In A v B [2025] HKCA 965, the Court of Appeal refused leave to appeal against the dismissal of an application for interlocutory injunctive relief to restrain a school from acting on a decision to expel a student (“X”).
This case illustrates the doubly high thresholds for:
- Challenging a school disciplinary council’s decision; and
- Appealing against a judge’s discretionary refusal to grant interlocutory relief.
Challenge to School Disciplinary Council’s Decision
The plaintiff, X’s father, challenged the school’s decision to expel her following an incident involving cannabis intoxication of another student (“Y”) during a study tour.
The Court of First Instance granted an interim-interim injunction allowing X to complete the academic year, but ultimately dismissed the injunction application, finding:
- There was no high degree of assurance that the council’s decision fell outside the range of reasonableness or was procedurally unfair.
- The balance of convenience did not favour reinstatement, given (1) the likelihood the school would reach the same decision upon reconsideration, (2) breakdown of trust and confidence, and (3) the school’s view that reinstatement was not in its interests.

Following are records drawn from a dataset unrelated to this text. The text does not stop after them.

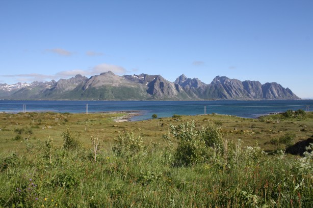 My plans of cycling all the way to Sortland (at least along the scenic route) were not realistic. In making these plans I was studying 2 different maps with different scales, and did a common trick of misjudging distances. 🙂 Anyway, while cycling to Stokmarnes it soon became clear that with head wind and hills, Sortland was not on.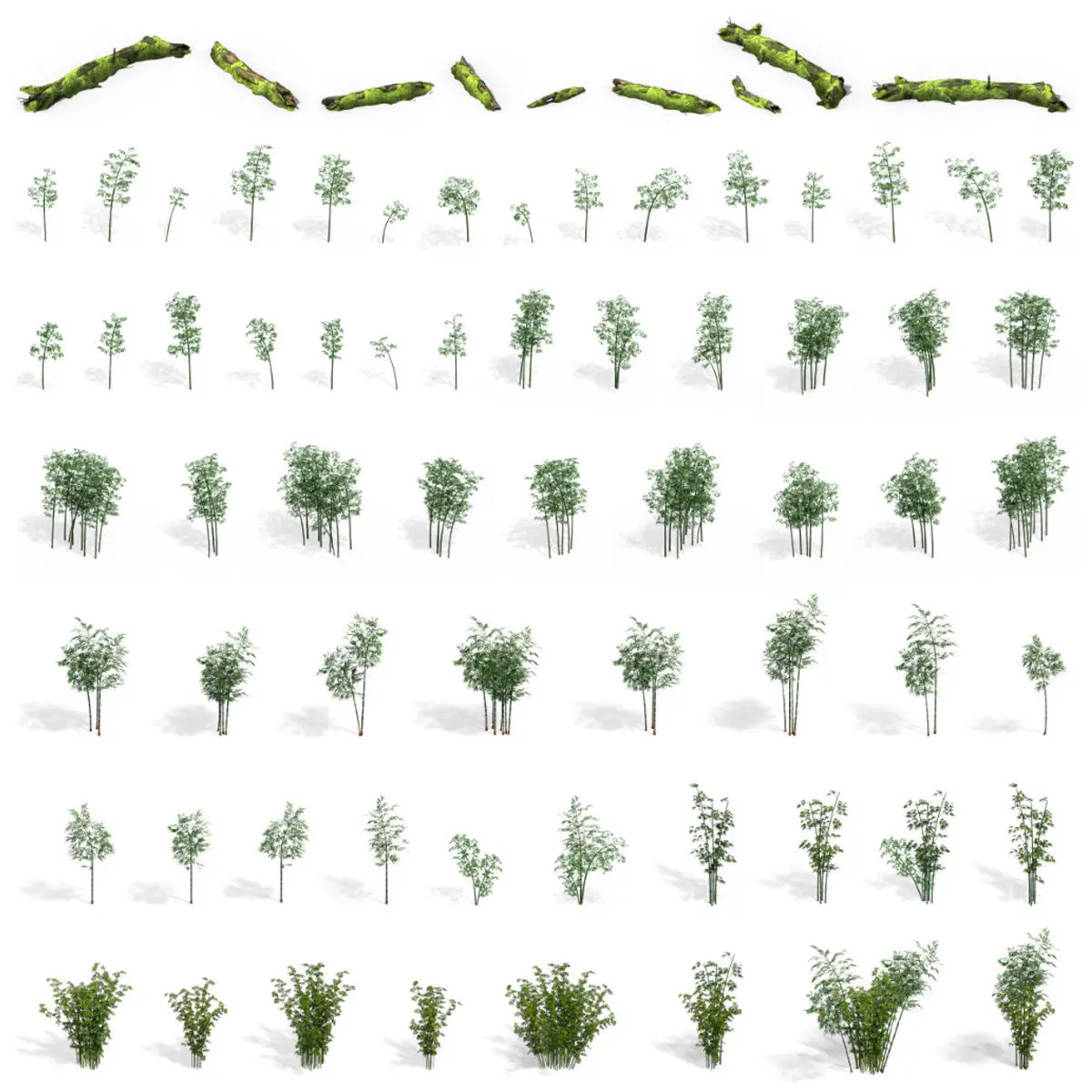 Here is 2.5D Rendered, Transparent Background Bamboo, Tree, Plant, Wood, Tree Bark Construction Kit Game Assets.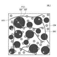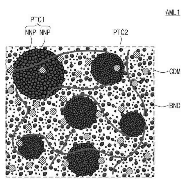 下記の化学式2の化合物を含み、前記第1平均粒径より小さい第2平均粒径を有する第2粒子と、を含むものの、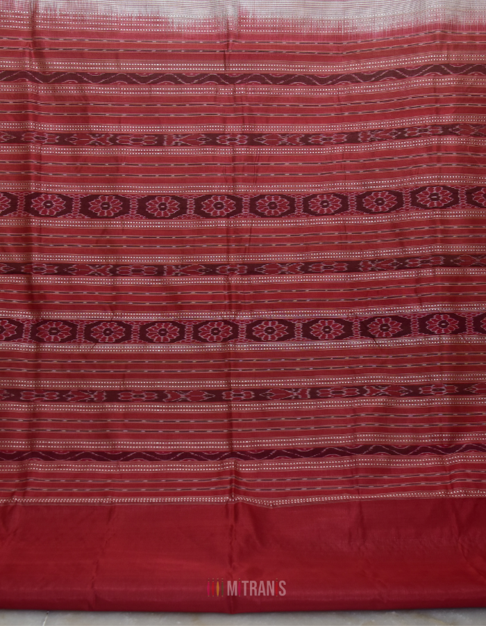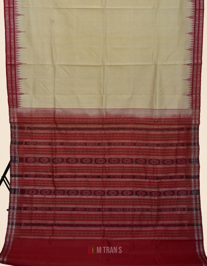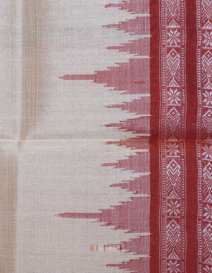 Sambalpuri Fine Tussar with phoda Kumbha silk Border with Ikat Pallu; Weft in double twisted thread, warped in Korean Tussar; Anchal, border and blouse piece all are in Tussar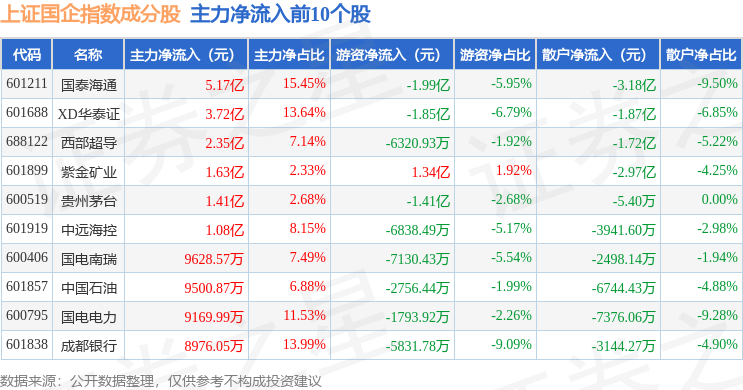 资金流向方面,上证国企(000056)指数成份股当日主力资金净流出合计10.02亿元,游资资金净流出合计4.34亿元,散户资金净流入合计14.35亿元。成份股资金流向详情见下表: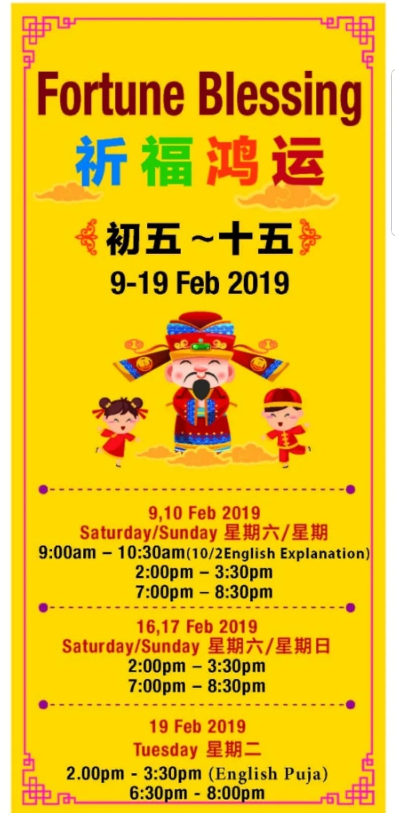 BW Monastery will be holding Fortune Blessing Grand Puja from 9th -19th Feb 2019. Lead by the Sangha Venerables, devotees can make mass offerings to the Three Jewels and give food to the spirits and deities. May one obtain abundant merits and wisdom, good health and clear his/her obstacles!

Expedited Application to the Court of Appeal
After an expedited rolled-up hearing, the plaintiff’s renewed application for leave to appeal was dismissed by the Court of Appeal.
- The Court held that the application could be dismissed on the basis that the proposed grounds of appeal were new grounds which had not been canvassed before the judge. Change of legal representation is not generally a good enough reason for changing the grounds of appeal.
- In any event, as an exception, the Court considered the new proposed grounds which werenarrowly focused, and rejected them on the merits.
- The first ground of appeal contended that the judge misdirected himself in finding that the disciplinary council “effectively came to a finding” when the expulsion notice only expressed “suspicion”. The Court rejected this, holding that when viewed in context, the notice connoted that the school considered the “suspicion” sufficiently substantiated to justify their decision.
- The second ground of appeal alleged the judge failed to consider that Y had decided to withdraw from the school. The Court also rejected this, applying Harbour Front Ltd v Money Facts Ltd[2019] HKCA 916 and noting that a judge is not required to address every point made, particularly in an oral judgment delivered with considerations of urgency.
The full judgment is available at https://legalref.judiciary.hk/lrs/common/ju/ju_frame.jsp?DIS=173868&currpage=T
Jiang Zixin, instructed by Lee Law Firm, acted for the Plaintiff (Applicant) on appeal; Clara Wong appeared at first instance.
Jenkin Suen SC and Charlie Liu, instructed by King & Wood Mallesons, acted for the Defendant (Respondent) on appeal; Terrence Tai and Charlie Liu appeared at first instance.